What you have to do :: Pictures stay out of the output. Return exactly the lines below from the one with "色尼區(qū)嘎爾德畜牧業(yè)示范基" down to the one with "Go back to Nornir", both included, and nothing more.

Records shown ::
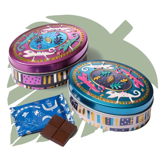 メタリックなカラーがかわいいデザイン缶。カカオ70%のチョコレート入り。
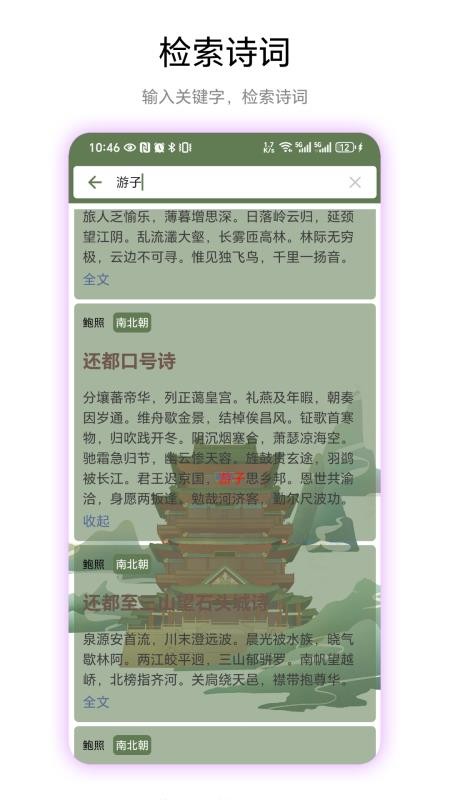 强大的搜索引擎支持按字、按句检索,快速定位到目标内容。搜索结果会高亮显示关键词,方便用户快速找到所需信息。这个功能特别适合在大量诗词中寻找特定句子或典故。
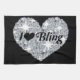 Pretty silver on black kitchen towel featuring my 'I love bling' design. This design show lots of diamonds arranged into a heart shape with i love bling text over the top. Perfect for those how love glitz, glam and sparkle. Please note this product does not have any real gems, glitter or sparkle, the heart is a printed image. Take a look around my zazzle store to find matching items featuring the same design.
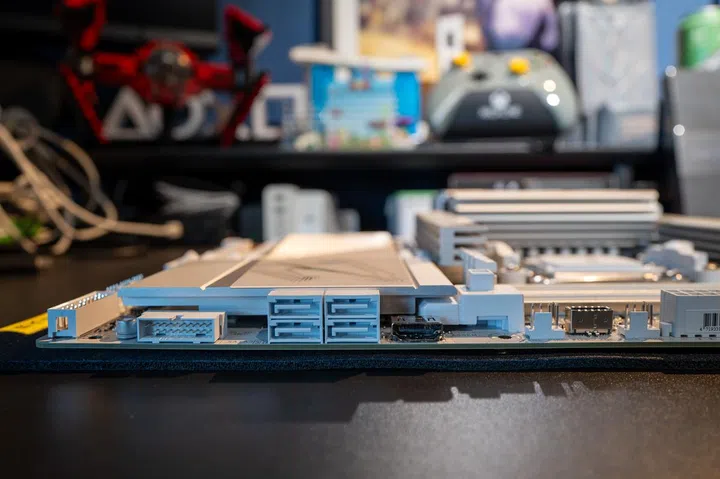 The motherboard comes with four DDR5 slots that that supports a maximum of 256GB of RAM and the DDR5 8000 standard when overclocked.
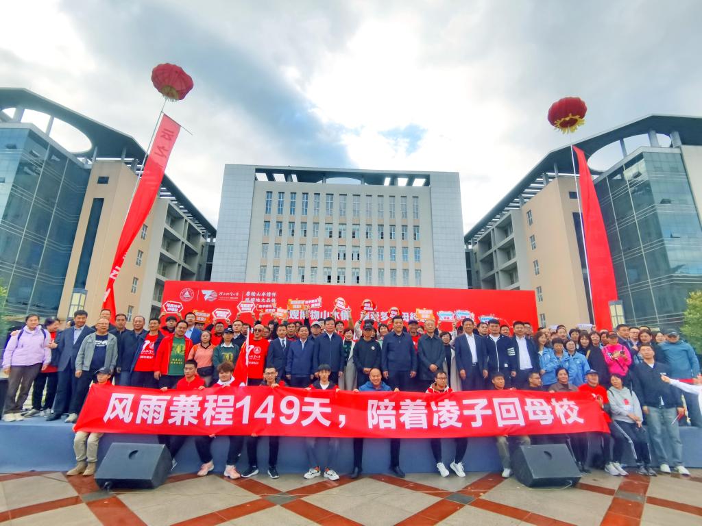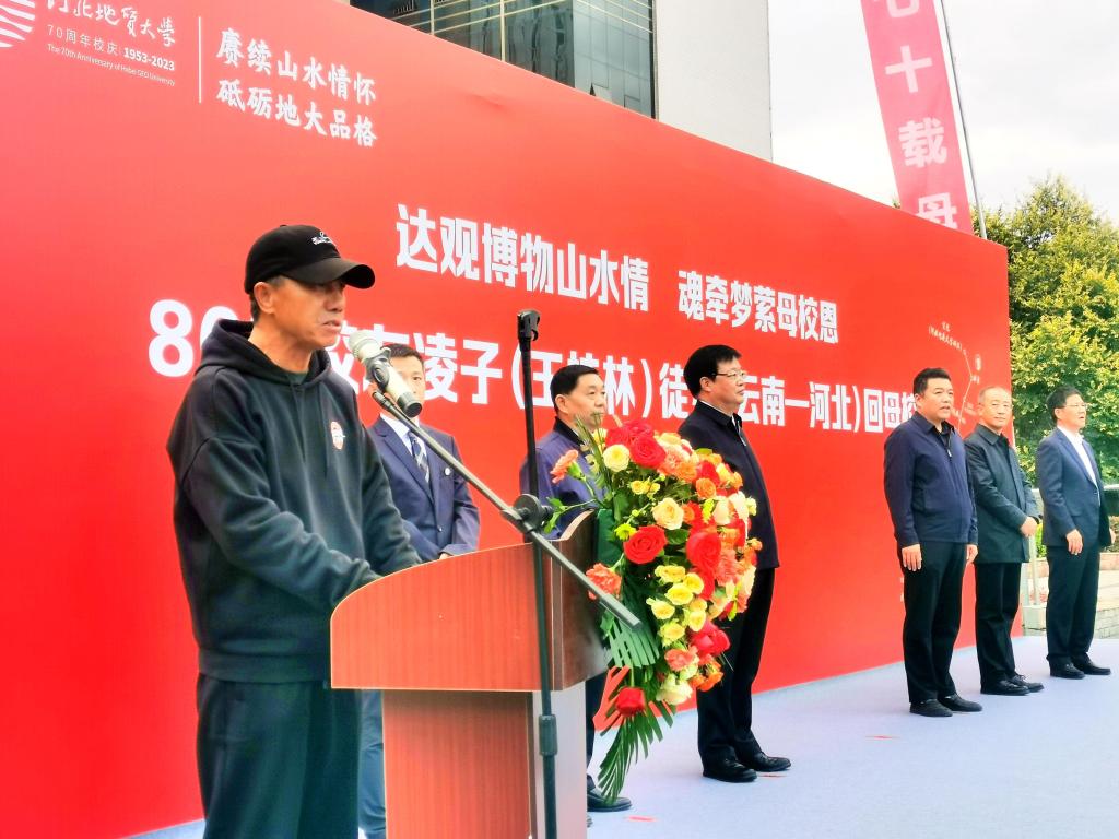 和志强致欢迎辞。他表示,“凌子”历经艰辛、披荆斩棘,徒步跨越了千山万水,用地质人的脚步丈量了祖国的大好河山,用学子的赤诚回馈了母校的培育之恩,用最简单的方式给予了我们最不平凡的感动。这次非凡的徒步之行,是“凌子”献给母校建校70周年的一份贺礼,更是他践行“达观博物”“仰山慕水”精神的生动写照,必将勉励我们地大人继续弘扬优良传统,传承地质精神,以只争朝夕的跋涉、敢闯敢试的勇气、坚韧不拔的定力,为党和人民的地质事业再立新功、再创佳绩。
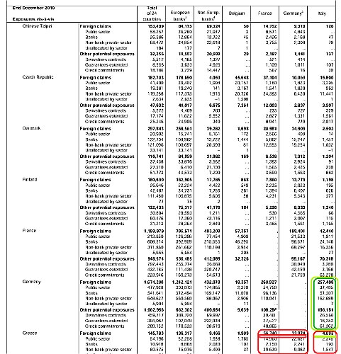 Da brivido davvero la nostra esposizione. Ed è meglio non proseguire dando un'occhiata a Irlanda e Portogallo perchè se no facciamo la figura dei fessi nei confronti di tutti coloro che in questi anni si sono prodigati a elargire allegramente debiti e illusioni in giro per l'Europa.
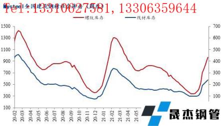 統計建筑厚壁無縫鋼管社會庫存總量為1205.15萬噸,月環比增加552.93萬噸,年同比減少334.69萬噸;其中螺紋鋼庫存965.28萬噸,月環比增加447.84萬噸,年同比減少256.68萬噸;線材庫存239.87萬噸,月環比增加105.09萬噸,年同比減少78.01萬噸。
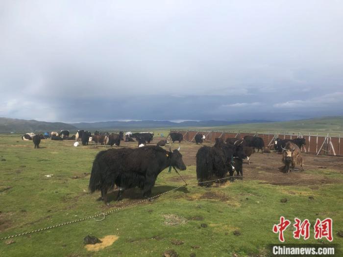 色尼區(qū)嘎爾德畜牧業(yè)示范基地上的牦牛。中新網(wǎng)左宇坤 攝
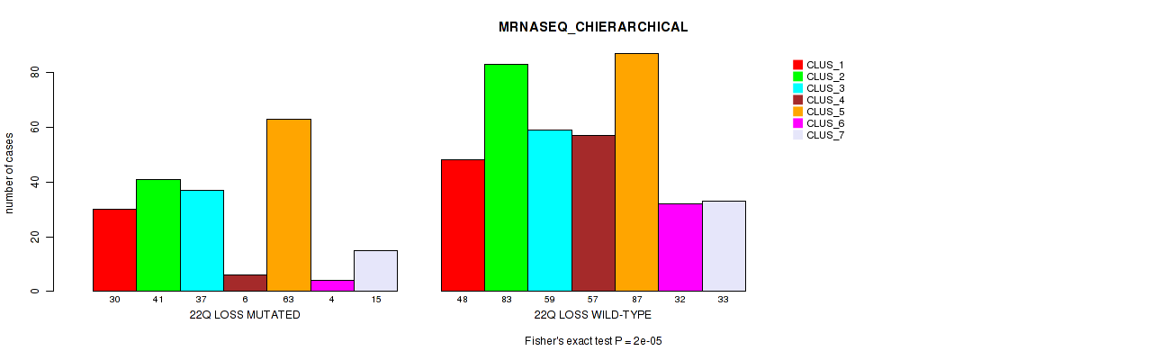 Figure S111. Get High-res Image Gene #79: '22q loss' versus Molecular Subtype #2: 'MRNA_CHIERARCHICAL'
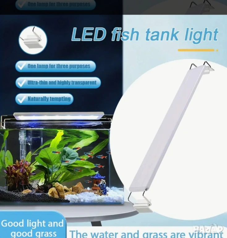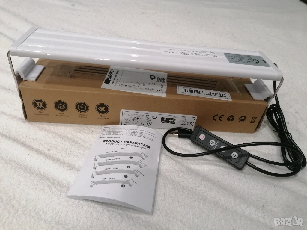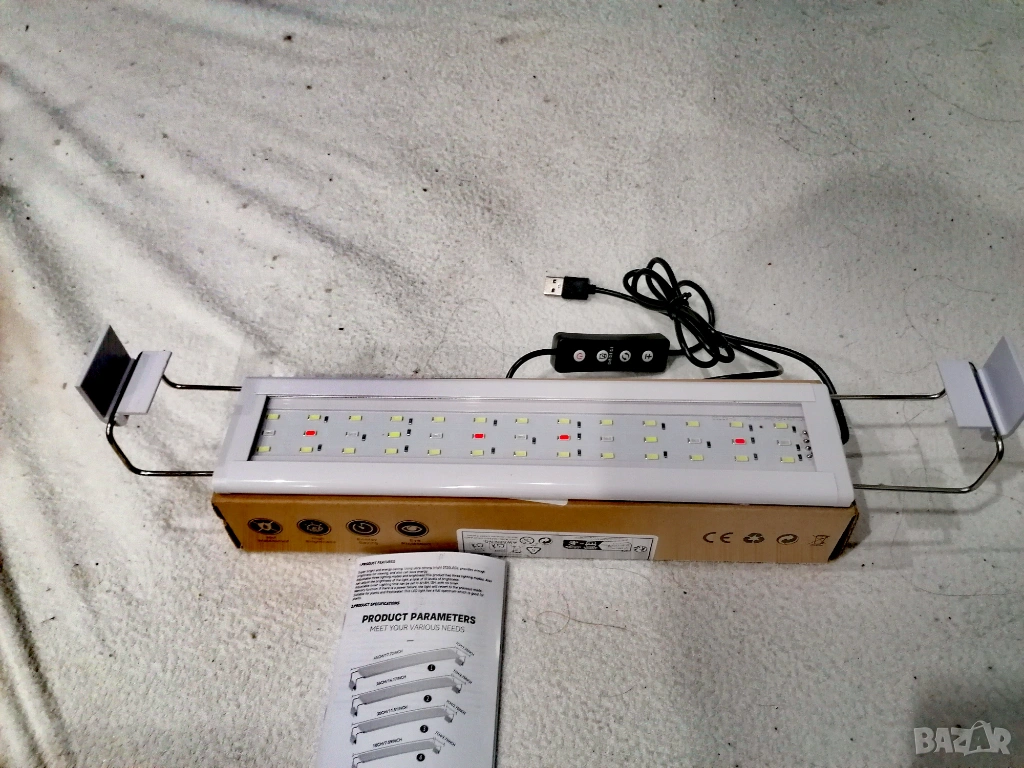 Продавам нова аквариумна лампа 30см,цвят бял. Има таймер за 6, 8,12ч.Регулиране на яркостта, 4-ри режима на осветление, алуминий. Идеална за растения. USB-36V Стилно и красиво осветление с отлично качество. Цена 13€.
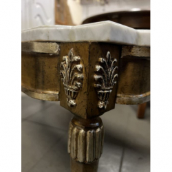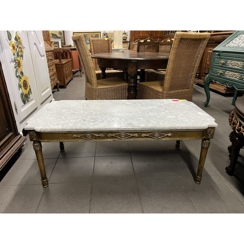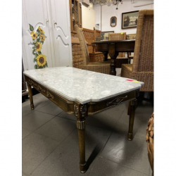Przedmiotem sprzedaży jest drewniana ława z marmurowym blatem.
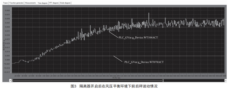 由圖3可以看出,隔離器開啟后壓差調整為33~36Pa,風壓平衡環(huán)境下,前秤WT078波動范圍是0.0045~0.005g,秤的波動為0.0005g左右:后秤WT104波動范圍是-0.005~0.055g,秤的波動為0.060g左右,即隔離器風壓平衡后前秤的波動就很小,后秤波動仍然很大。
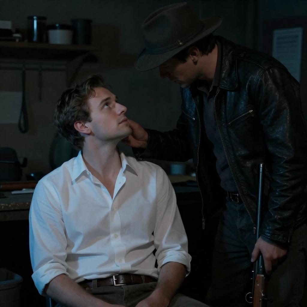 Photograph of two men on stage. The man on the left, wearing a brown hat, dark coat, and holding a silver revolver, faces the man on the right, who has shoulder-length brown hair, wears a sleeveless black leather vest, and extends his arm towards the other. Background includes dimly lit, industrial-style decor.
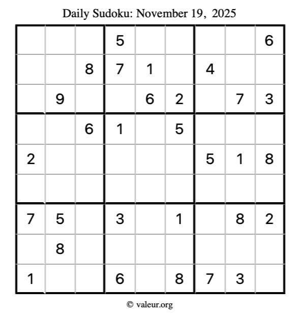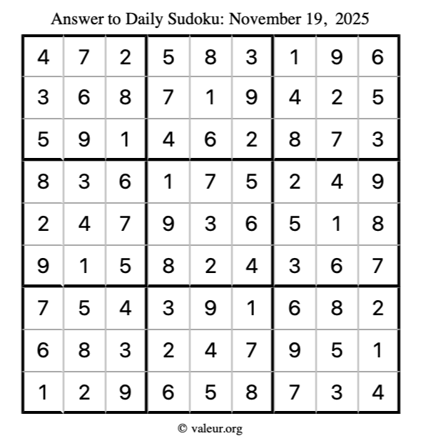 Here is the November 19, 2025 sudoku puzzle. You are welcome to print a copy to solve by hand. For your convenience, we have also included the solution further down the page so you can check your work.
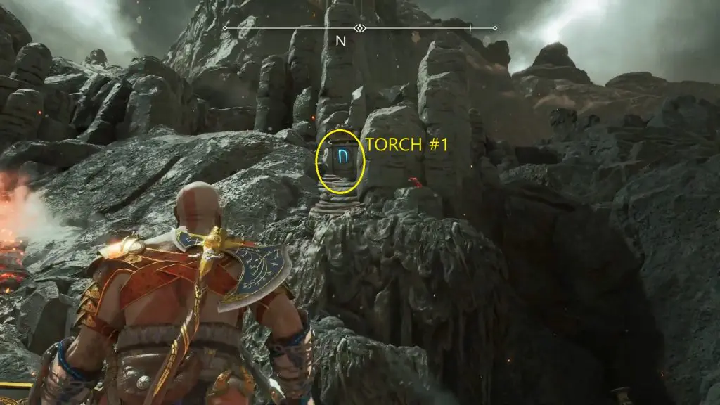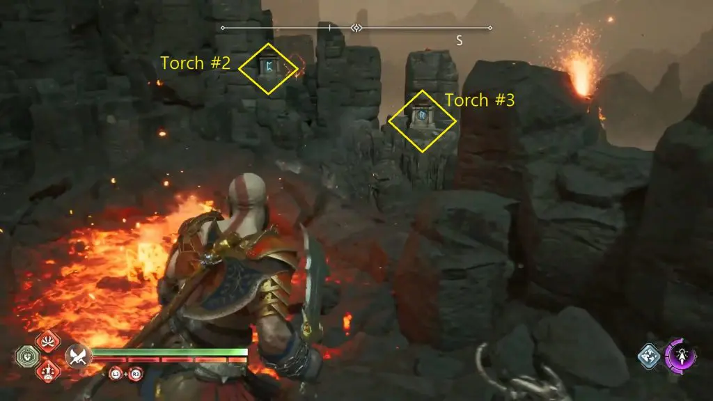 Go back to Nornir Chest and turn around to see Torch #3 near Torch #2. Shot three purple arrows on the wall near Torch #3. Light the nearest purple circle with the Chaos Blades to cause a chain reaction that will light torch #3.
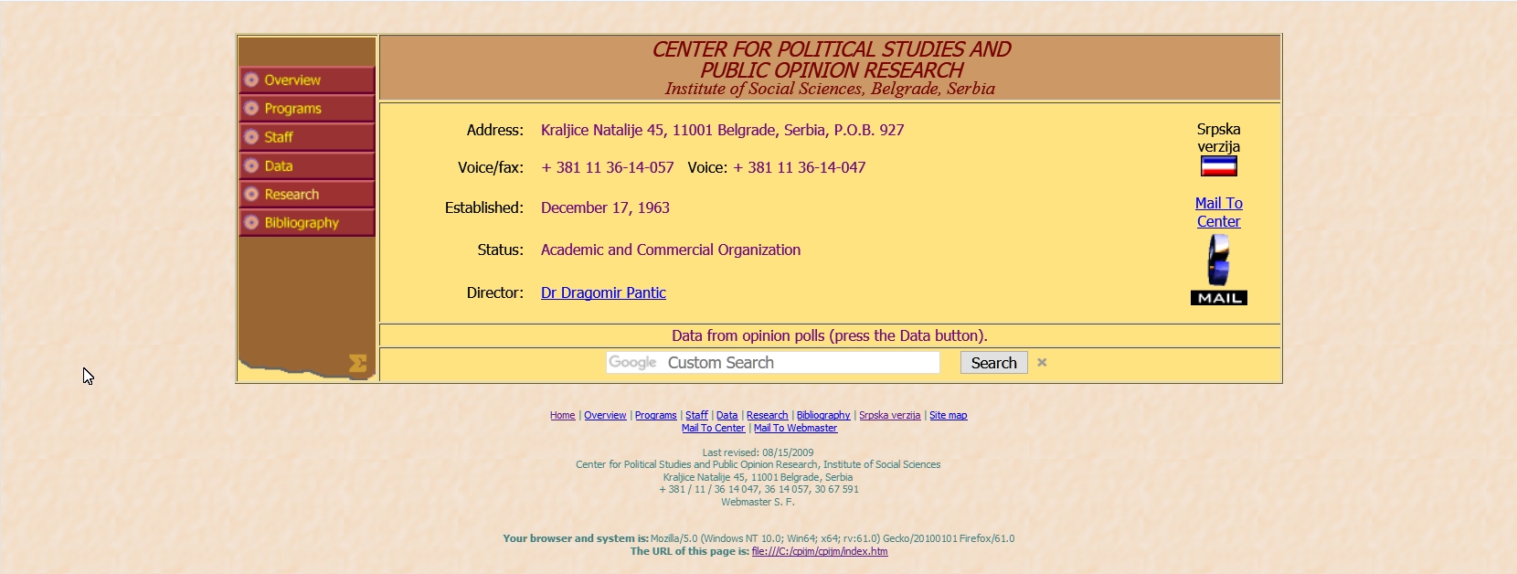 Uvodna stranica sajta CPIJM. Prva verzija je napravljena 1997. i kasnije stalno dorađivana, dopunjavana, ažurirana, proširivana... Zoran Slavujević je podatke sa tog sajta koristio u nastavi, a kasnije sam i ja otvorio svoje studentske stranice, krišom i sa strane. Tako da je sajt bio vrlo posjećen. Kada su Dragan i Ljilja otišli u penziju, Centar više nije plaćao hosting i sajt je izbrisan. Sajt je pravljen ručno, u HTML, sa nekoliko Java skriptova i uz malu pomoć nekih html alatki. Dugmad, pozadine i estetiku sam isto pravio ručno. Sajt je imao kompletnu srpsku i englesku granu, a rezultati sondaža su se redovno ažurirali, znači u hodu prevodili. Sve u svemu, za moje razmjere, bio je prilično živahan taj sajt: www.cpijm.org.yu (kasnije .rs).

Result for this task ::
 色尼區(qū)嘎爾德畜牧業(yè)示范基地上的牦牛。中新網(wǎng)左宇坤 攝
 Figure S111. Get High-res Image Gene #79: '22q loss' versus Molecular Subtype #2: 'MRNA_CHIERARCHICAL'
 Продавам нова аквариумна лампа 30см,цвят бял. Има таймер за 6, 8,12ч.Регулиране на яркостта, 4-ри режима на осветление, алуминий. Идеална за растения. USB-36V Стилно и красиво осветление с отлично качество. Цена 13€.
Przedmiotem sprzedaży jest drewniana ława z marmurowym blatem.
 由圖3可以看出,隔離器開啟后壓差調整為33~36Pa,風壓平衡環(huán)境下,前秤WT078波動范圍是0.0045~0.005g,秤的波動為0.0005g左右:后秤WT104波動范圍是-0.005~0.055g,秤的波動為0.060g左右,即隔離器風壓平衡后前秤的波動就很小,后秤波動仍然很大。
 Photograph of two men on stage. The man on the left, wearing a brown hat, dark coat, and holding a silver revolver, faces the man on the right, who has shoulder-length brown hair, wears a sleeveless black leather vest, and extends his arm towards the other. Background includes dimly lit, industrial-style decor.
 Here is the November 19, 2025 sudoku puzzle. You are welcome to print a copy to solve by hand. For your convenience, we have also included the solution further down the page so you can check your work.
 Go back to Nornir Chest and turn around to see Torch #3 near Torch #2. Shot three purple arrows on the wall near Torch #3. Light the nearest purple circle with the Chaos Blades to cause a chain reaction that will light torch #3.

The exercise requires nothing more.